I can post pics of stuff I've done if you would like so you can see I know what I'm talking about. If not then good luck

Sent from my iPhone using Wood Forum


----------



## cabinetman (Jul 5, 2007)

jaxonquad said:


> I'm making a work surface (on the TS) and i want it to be slick... i was originaly thinking some white formica (i believe that is the name) glued to my BBplywood top.
> 1) any sugestions on an adhesive for this?


Definitely solvent based contact cement.



jaxonquad said:


> 2) or should i use another material for the top (MDF, Chipboard...)
> 
> Thanks in advance.


The impact resistance of HPL (high pressure laminate...AKA Formica), depends on what it's glued to. MDF, industrial particle board, or Melamine are more dense than plywoods, including BB. If all you have is BB plywood, that would work just fine.

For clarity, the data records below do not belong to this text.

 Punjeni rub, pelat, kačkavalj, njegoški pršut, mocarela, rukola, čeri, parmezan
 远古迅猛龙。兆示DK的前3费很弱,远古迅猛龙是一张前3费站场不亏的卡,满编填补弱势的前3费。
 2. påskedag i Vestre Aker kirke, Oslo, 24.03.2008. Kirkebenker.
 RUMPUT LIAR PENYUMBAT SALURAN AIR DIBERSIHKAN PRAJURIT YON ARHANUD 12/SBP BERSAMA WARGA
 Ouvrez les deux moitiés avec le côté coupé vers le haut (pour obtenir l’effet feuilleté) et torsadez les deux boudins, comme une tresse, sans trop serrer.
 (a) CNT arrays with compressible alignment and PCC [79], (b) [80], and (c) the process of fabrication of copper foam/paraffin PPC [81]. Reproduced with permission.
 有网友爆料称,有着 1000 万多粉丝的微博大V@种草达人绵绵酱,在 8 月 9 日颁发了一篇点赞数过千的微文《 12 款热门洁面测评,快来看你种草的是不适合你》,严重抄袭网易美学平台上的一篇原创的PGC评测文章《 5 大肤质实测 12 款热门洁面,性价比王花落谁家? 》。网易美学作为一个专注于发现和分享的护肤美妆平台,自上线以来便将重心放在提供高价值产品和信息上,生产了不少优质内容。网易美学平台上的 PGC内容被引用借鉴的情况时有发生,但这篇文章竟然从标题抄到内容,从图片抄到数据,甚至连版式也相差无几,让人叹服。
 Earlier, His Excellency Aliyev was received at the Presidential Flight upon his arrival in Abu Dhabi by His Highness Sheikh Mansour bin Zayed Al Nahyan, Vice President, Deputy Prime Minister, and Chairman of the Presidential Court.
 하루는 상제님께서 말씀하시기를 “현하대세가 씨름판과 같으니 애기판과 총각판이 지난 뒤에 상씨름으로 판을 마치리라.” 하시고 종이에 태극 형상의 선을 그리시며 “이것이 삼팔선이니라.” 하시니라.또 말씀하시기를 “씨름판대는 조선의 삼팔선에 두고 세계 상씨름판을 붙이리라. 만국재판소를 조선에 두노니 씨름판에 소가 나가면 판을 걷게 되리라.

FYI...HPL comes in two common thicknesses. For countertops, etc 1/16". For vertical applications, like cabinet sides, doors, etc., 1/32", AKA V32.

As for doing the laminating, I've posted this before:
_
I would recommend cutting the substrate to size first and the laminate separately. But, leave the laminate larger than the plywood...enough to rout off the edge. I leave 1/4" all around, but you might want to leave more. 

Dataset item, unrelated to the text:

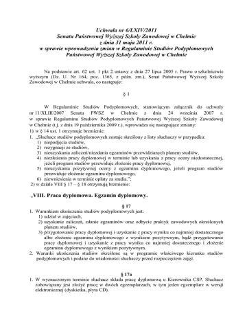 Uchwała nr 6/LXIV/2011 Senatu Państwowej Wyższej Szkoły Zawodowej w Chełmie z dnia 31 maja 2011 r. w sprawie wprowadzenia zmian w Regulaminie Studiów Podyplomowych Państwowej Wyższej Szkoły Zawodowej w Chełmie Na podstawie art. 62 ust. 1 pkt 2 ustawy z dnia 27 lipca 2005 r. Prawo o szkolnictwie wyższym (Dz. U. Nr 164, poz. 1365, z późn. zm.), Senat Państwowej Wyższej Szkoły Zawodowej w Chełmie uchwala, co następuje: §1 W Regulaminie Studiów Podyplomowych, stanowiącym załącznik do uchwały nr 11/XLIII/2007 Senatu PWSZ w Chełmie z dnia 24 września 2007 r. w sprawie Regulaminu Studiów Podyplomowych Państwowej Wyższej Szkoły Zawodowej w Chełmie (t.j. z dnia 19 października 2009 r.), wprowadza się następujące zmiany: 1) w § 14 ust. 1 otrzymuje brzmienie: 1. „Słuchacz studiów podyplomowych zostaje skreślony z listy słuchaczy w przypadku: 1) niepodjęcia studiów, 2) rezygnacji ze studiów, 3) nieuzyskania zaliczeń/niezdania egzaminów przewidzianych planem studiów, 4) niezłożenia pracy dyplomowej w terminie lub uzyskania z pracy oceny niedostatecznej, jeżeli program studiów przewiduje złożenie pracy dyplomowej, 5) nieuzyskania pozytywnej oceny z egzaminu dyplomowego, jeżeli program studiów przewiduje złożenie egzaminu dyplomowego, 6) niewniesienia w terminie opłaty za studia.”; 2) w dziale VIII § 17 – § 18 otrzymują brzmienie: „VIII. Praca dyplomowa. Egzamin dyplomowy. § 17 1. Warunkiem ukończenia studiów podyplomowych jest: 1) udział w zajęciach, 2) uzyskanie zaliczeń, zdanie egzaminów oraz odbycie praktyk zawodowych określonych planem studiów, 3) przygotowanie pracy dyplomowej i uzyskanie z pracy wyniku co najmniej dostatecznego albo złożenie egzaminu dyplomowego z wynikiem pozytywnym, bądź przygotowanie pracy dyplomowej i uzyskanie z pracy wyniku co najmniej dostatecznego i złożenie egzaminu dyplomowego z wynikiem pozytywnym. 2. Warunki ukończenia studiów określone są w programie właściwego kierunku studiów podyplomowych i podane do wiadomości słuchaczy przed rozpoczęciem zajęć. § 17a 1. W wyznaczonym terminie słuchacz składa pracę dyplomową u Kierownika CSP. Słuchacz zobowiązany jest złożyć pracę w dwóch egzemplarzach, w tym jeden egzemplarz w wersji elektronicznej (dyskietka, płyta CD). 2. Na uzasadniony wniosek słuchacza, Kierownik CSP działając z upoważnienia Rektora, może przedłużyć termin złożenia pracy. 3. Pracę dyplomową ocenia promotor pracy. 4. Słuchacz, który został skreślony z listy słuchaczy studiów podyplomowych z powodu niezłożenia pracy dyplomowej lub uzyskał z pracy ocenę negatywną może wznowić studia celem przygotowania pracy. 5. Słuchacz, może wznowić studia, celem przygotowania i złożenia pracy dyplomowej w terminie nie dłuższym niż 3 lata od planowanego terminu zakończenia studiów, o ile studia są nadal prowadzone. Wznowienie wiąże się z dodatkową opłatą. 1. 2. 3. 4. 5. 6. § 17b Egzamin dyplomowy odbywa się przed komisją powołaną przez Prorektora ds. Rozwoju i Współpracy z Zagranicą lub Kierownika CSP. W skład komisji wchodzą: przewodniczący i dwóch nauczycieli prowadzących zajęcia na danym kierunku studiów podyplomowych. Przewodniczący powinien posiadać co najmniej stopień naukowy doktora. Termin egzaminu wyznacza Kierownik CSP. W przypadku uzyskania z egzaminu dyplomowego oceny niedostatecznej, słuchaczowi przysługuje prawo powtórnego przystąpienia do tego egzaminu. Termin powtórnego egzaminu wyznacza Kierownik CSP, jednakże nie później niż w terminie 3 miesięcy od daty egzaminu pierwszego. W przypadku otrzymania oceny niedostatecznej lub nieprzystąpienia do egzaminu dyplomowego w drugim terminie, słuchacz zostaje skreślony z listy studentów. Słuchacz może wznowić studia, celem złożenia egzaminu dyplomowego w terminie nie dłuższym niż 3 lata. § 18 1. Przy obliczaniu oceny końcowej z ukończenia studiów podyplomowych bierze się po uwagę: 1) średnią arytmetyczną z uzyskanych wyników zaliczeń i egzaminów, 2) ocenę z pracy dyplomowej albo egzaminu dyplomowego, bądź ocenę z pracy dyplomowej i egzaminu dyplomowego. 2. Ocena końcowa stanowi sumę: ¾ oceny wymienionej w ust. 1 pkt 1 i ¼ oceny wymienionej w pkt 2. 3. Na świadectwie ukończenia studiów podyplomowych wpisuje się wynik według następującej zasady: do 3,25 – dostateczny (3) 3,26 – 3,75 – dostateczny plus (3,5) 3,76 – 4,25 – dobry (4) 4,26 – 4,50 – dobry plus (4,5) 4,51 – 5,00 – bardzo dobry (5)”. §2 Tekst jednolity Regulaminu Studiów Podyplomowych Państwowej Wyższej Szkoły Zawodowej w Chełmie stanowi załącznik do niniejszej uchwały. §3 Uchwała wchodzi w życie z dniem podjęcia. Przewodniczący Senatu Państwowej Wyższej Szkoły Zawodowej w Chełmie Prof. dr hab. Józef Zając

You can use a 60T carbide tipped blade to cut both, if you have only one blade. When cutting the laminate on the table saw, place a piece of 1/4" plywood or Masonite under the laminate against the fence. This keeps the laminate from sneaking under the fence or getting hung up on it.

Contact cement both the plywood and laminate, and you could use a 9" paint roller with an adhesive roller cover (sold at HD). When both surfaces are tacky dry...(you have at least 20-30 minutes for a coffee break using solvent based contact cement).

When ready to adhere the sheet, check both surfaces for any debris. Lay dowel rods (1/2" diameter) about 10"-12" apart to keep the sheet from sticking until you get it positioned. When you have equal overhang all around, gently slide the center dowel out, and press down on the sheet. Then from the center out, pull out the dowels and work the sheet down by pressing down. This forces out air pockets. 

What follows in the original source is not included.